Я обалдела. На Будиной! Вот так гадалка! Будина! Это она подбивала в детстве Бурцеву ограбить кафетерий. Когда я родила дочь, я иногда видела Будину то в поликлинике, то в магазине. Будина всегда была томная, любила порассказать мне о частной школе, куда она водит своего ребёнка. Я ещё тогда удивлялась, что девочка такая знакомая – это же был вылитый Иванов! Господи!

— Думал легче станет, — жаловался тем временем Иванов. — Ни хуя! Развёлся. Она, конечно, Бурцевой и в подмётки не годилась. Ошибся я. Но она сейчас замужем, счастлива… Хороший человек ей попался и денег у него много— не то что я — бедный, подонок.
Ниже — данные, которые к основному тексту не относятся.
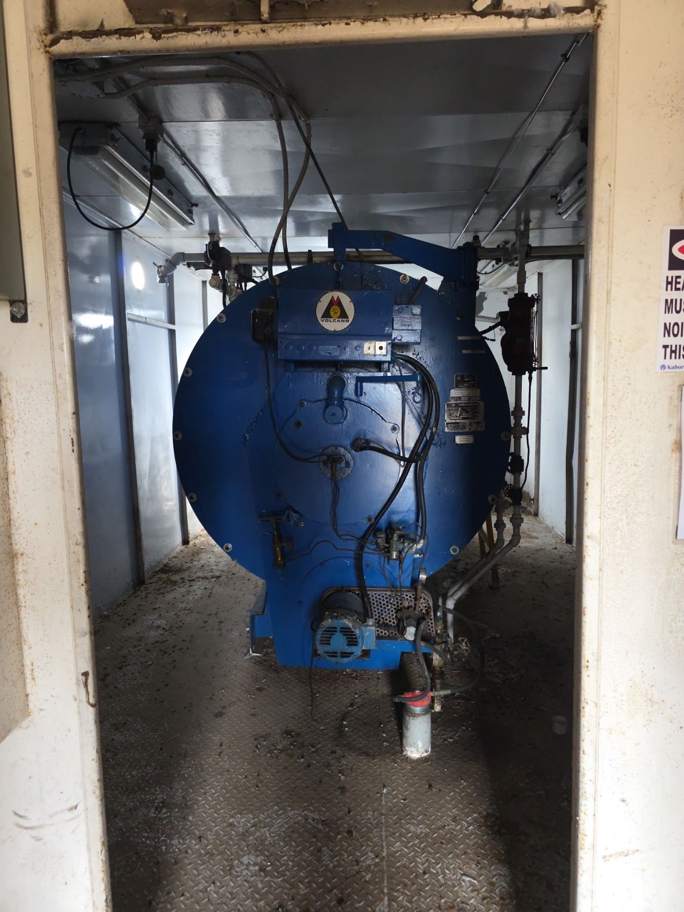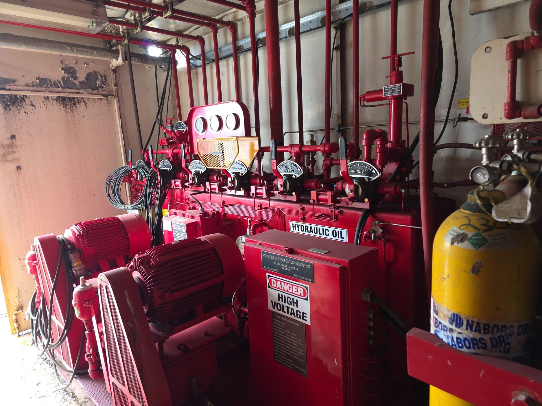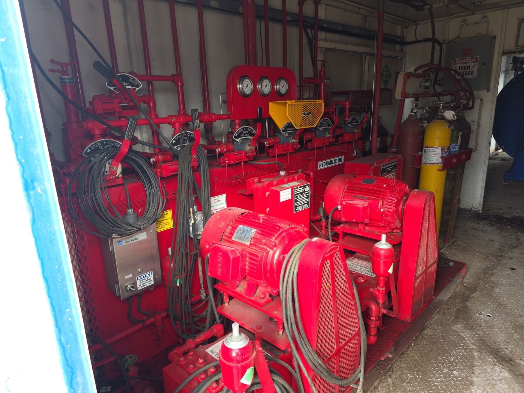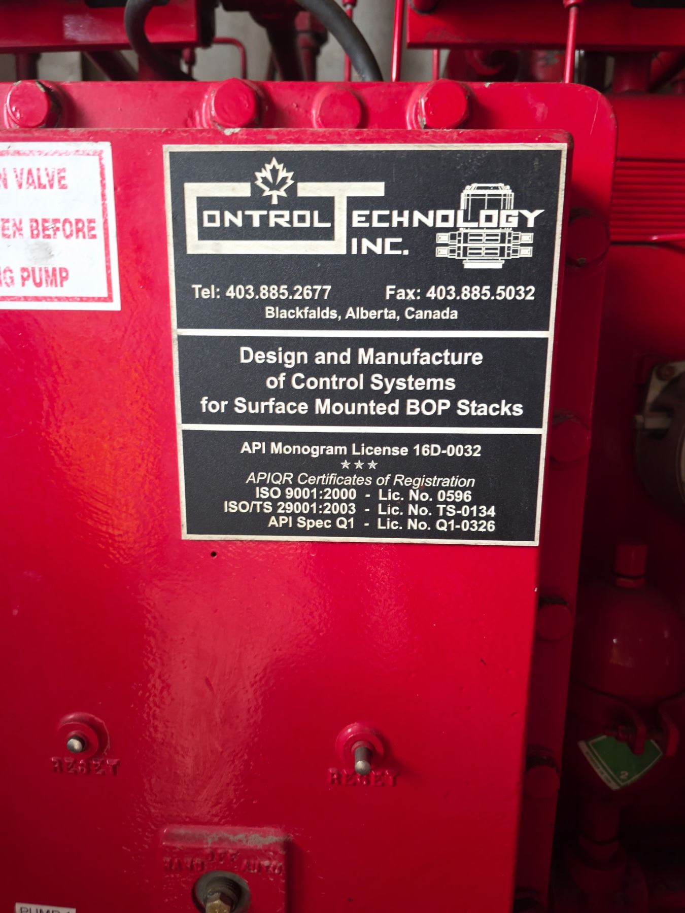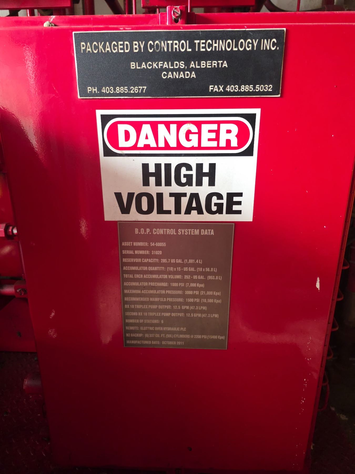 Control Technology Inc. mobile blow out prevention control unit w/ 285g boiler. 18x58.8L Accumulator Volume, 1,000psi accumulator pre charge (3,000psi maximum pressure), 953.8L Total ERCB Accumulator volume, 1,500psi manifold pressure, 6 stations, 12.5gpm triplex pump (and backup), electric over hydraulic,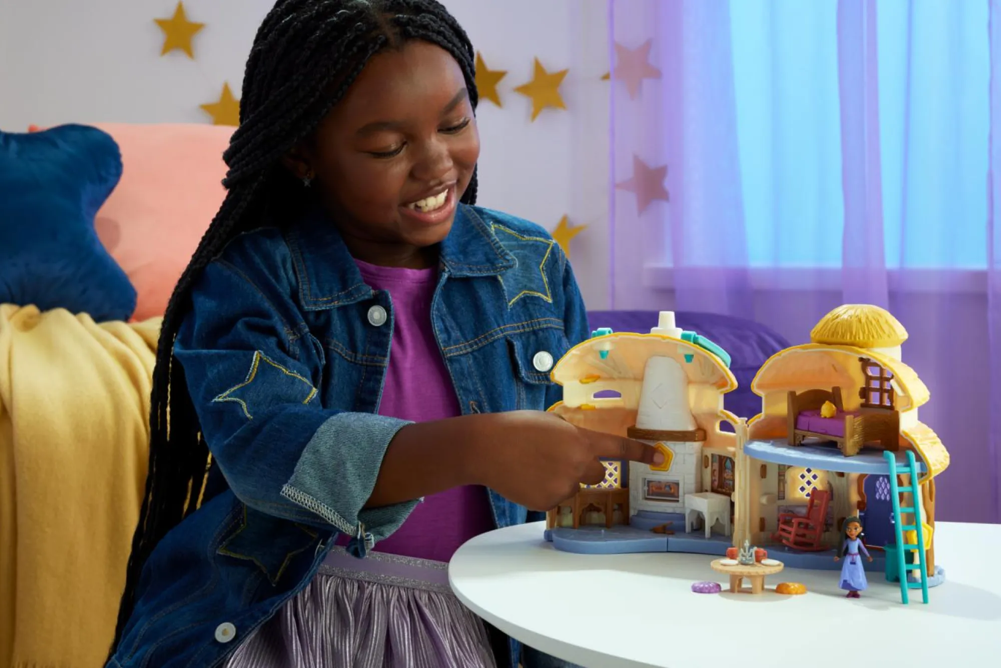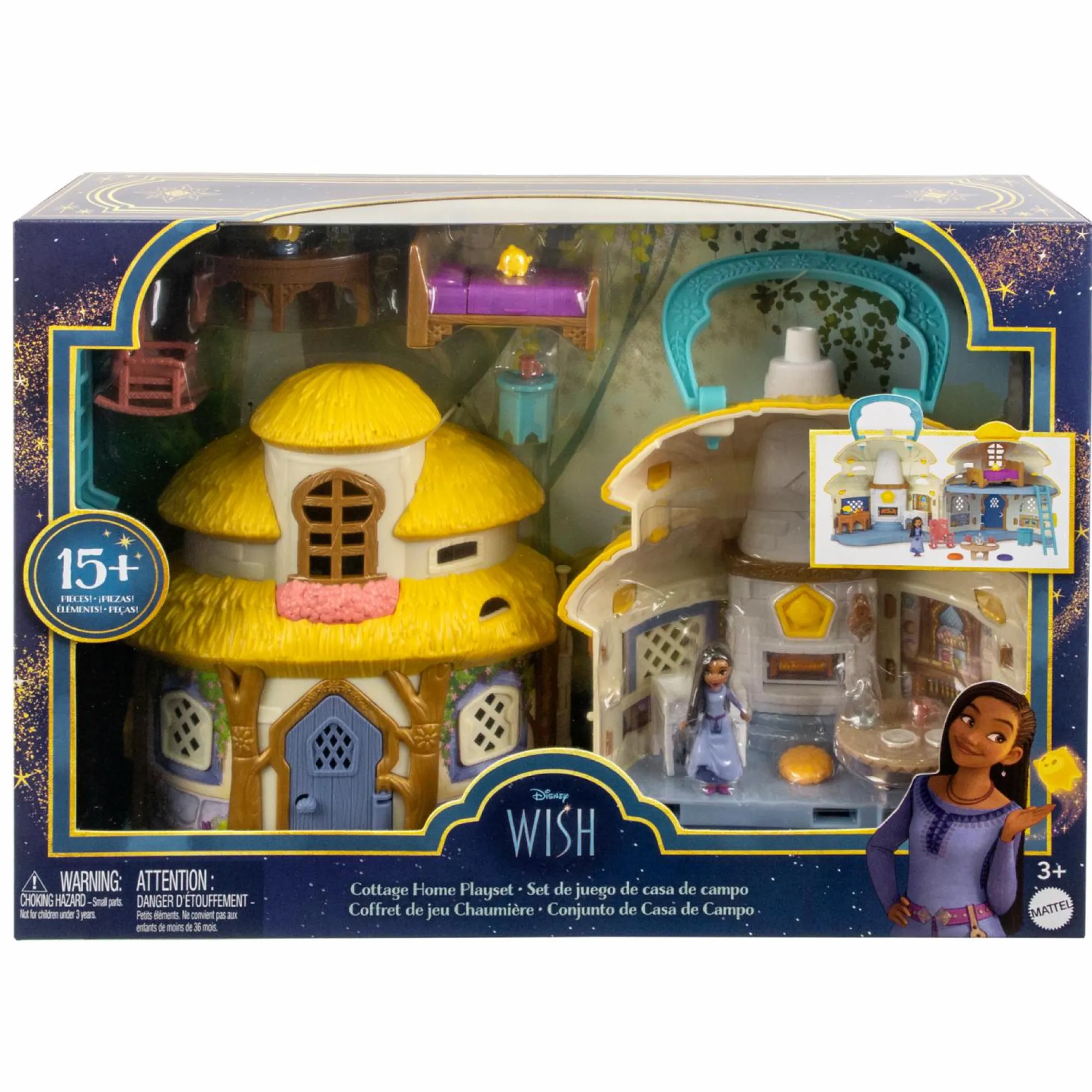 Ispirato all’ambientazione del film, premi il pulsante Star Sorprese Magiche per aprire il playset portatile e scoprire il cottage a 2 piani che Asha chiama casa!

Мне стало жалко Иванова. Я вспомнила, как мы его лупили втроём, как Бурцева харкала ему на школьную эмблемку. Я очень сомневалась, что Будина изменилась, а Иванов, вон, плохо не говорит о бывшей жене:

—Ты Бурцевой обязательно от меня привет передай… Обязательно! Нам ведь тридцать пять, Рахиль, а я себя стариком чувствую. Чувствую, что сил нет, взял бы нож и всех перерезал, и себя зарезал бы! Смотришь  по телеку: деды древние — Кобзон, ещё кто-то… так живут интересно… «День, — говорят, — у нас по минутам расписан… Мы себя, — говорят, — молодыми чувствуем!»   На то он и телек, блин,  но всё равно — завидно… Они живут, а я доживаю… Утром вставать неохота… Лежу — думаю: зачем вставать? Для кого? Ты Бурцевой передай телефон и почту электронную!

    Здоровый мордастый мужик Иванов плакал, может быть, это был дождь.  Мой бывший одноклассник  отвернулся, зашагал в сторону бордовой 

шестнадцатиэтажки. Он шлёпал по лужам, сутулился, прятал голову от дождя.   Рита кричала:

— До свидания!

Я вспомнила, как давно-давно, двадцать лет назад, Бурцева  в сотый раз заводила на проигрывателе  свою любимую песню «про папу»:

 

…Ты взяла своё, но ты всё время одна,

   Тебе придётся испить эту чашу до дна. 

   Лишь во сне за тобою идёт по пятам

  Твой единственный парень, оставшийся там.

  Оглянись — ты же стала взрослей,

   Согласись — ты устала от блеска огней,

    Потеряла любовь, респектабельной став,

    Но, признайся, твой папа был прав, — пела тогда группа «Секрет».

А Бурцева ходила и ходила от  стены к стене… Вряд ли она вслушивалась в текст — ей нравился жёсткий рок-н-рольный ритм… 

 

Эпилог.

Ой, мороз, мороз, изморозь болото!  

 

Предсказание Выхинской бабули  сбывались и дальше. Бурцева вышла замуж. И я перестала жалеть те доллары, которые Бурцева заплатила за нас троих.

После встречи с Ивановым, я очень хотела рассказать всё Бурцевой, хотела  с ней поговорить. Но я не знала, как это сделать. Снежкины бывали у Бурцевой в гостях, но я боялась рассказать им об Иванове, боялась сплетен. Тогда Бурцева ещё была незамужняя. Снежкин по-прежнему был увлечён Попковой без взаимности. Снежкина у Бурцевой отбывала повинность при муже— как и в школе только на «отлично». Она часто мне звонила, рассказывала:

— У Наталии в каждой комнате или радио играет, или телевизор говорит… Ну одинокий человек – сразу видно. Хочется ей общения. Квартира – просто закачаешься. Дворец. И окна от пола.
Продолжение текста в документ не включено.